Reflecting on my 9-month experience of circumnavigating Africa by truck, I see my adventure as being defined by superlatives from start to finish. During that period, I traveled through 34 countries and territories and covered approximately 26,000 miles (42,000 kilometers), making it the longest, toughest and most extensive journey of my life. It was in Africa that I experienced the most inhospitable environments and witnessed the most extreme poverty, but where I found myself equally mesmerized by stunning landscapes and beautiful people, and where I experienced the most thrilling adventures. Like other travelers before me, I learned that Africa provides so many unique experiences for those that go in search of them.

Throughout my journey, I was constantly active and always on the go. Riding the dunes of the Namib Desert, rafting the treacherous river waters of Uganda, swimming the vast cool rivers and lakes of Guinea and Ghana, hiking the Todra Gorge in Morocco, and sightrunning through many villages and cities throughout the continent, I was repeatedly challenging myself, physically. As someone who is as fit today, at 45, as I was when I played varsity sports in college, I found myself rising to these challenges. Other aspects of my experience, however, I found far more grueling.
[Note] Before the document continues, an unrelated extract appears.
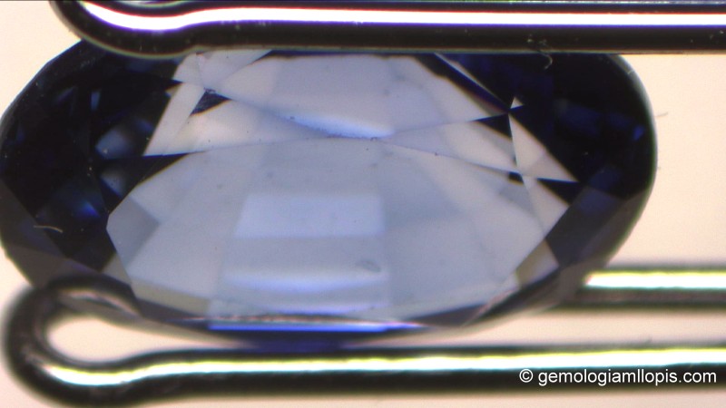 Los zafiros azules tratados por difusión suelen mostrar el color concentrado en las aristas que forman las facetas porque debido al repulido la capa de color de las facetas es muy ligera. Esta característica nos proporciona la clave para su identificación. Al situar la gema sobre un fondo blanco es posible que veamos la concentración de color, pero, en cualquier caso, sumergida en un líquido de alto índice de refracción, como por ejemplo el ioduro de metileno (1,74), y con iluminación transmitida difusa, veremos la concentración de color en las aristas claramente; si la gema está tallada en cabujón la concentración de color la veremos en el contorno de la gema y en fracturas o fisuras internas que llegan a la superficie.

Hiking the most desolate deserts of Sudan in the midst of scorching heat, trekking the deep and steamy jungles of Cameroon, and enduring hours upon hours of rough and bumpy drives over dusty roads took a cumulative toll on me.

While my trip was incredibly challenging from a physical perspective, it also stretched me mentally and emotionally. It was much more than just seeing the animals or the landscapes. It was a journey that led me to look deeply into myself and to reflect on who I am, where I’ve been, what I’ve done and what comes next. So what was it like for me, a woman approaching the onset of her midlife, to leave behind my husband, my home and my career to undertake a journey of this magnitude? How did I feel? What thoughts went through me?

My senses were heightened. Journeying through Africa is an all-out assault on the senses. Seeing the glorious, saffron-hued dunes of the Sahara and Namib deserts, the vibrant and colorful garments of the West African people and Muslim women, and the colorful markets across the continent; hearing the chilling roar of hungry lions in Zimbabwe; tasting the sharpness and spiciness of Ethiopian cuisine; feeling the ever-present dust and dirt on my skin and the sweltering heat of the sun; and smelling the pervasive scent of the earth throughout the journey. At one point, when my face was licked by a giraffe, I could not even begin to describe the myriad of sensations that I experienced. All my senses were on fire.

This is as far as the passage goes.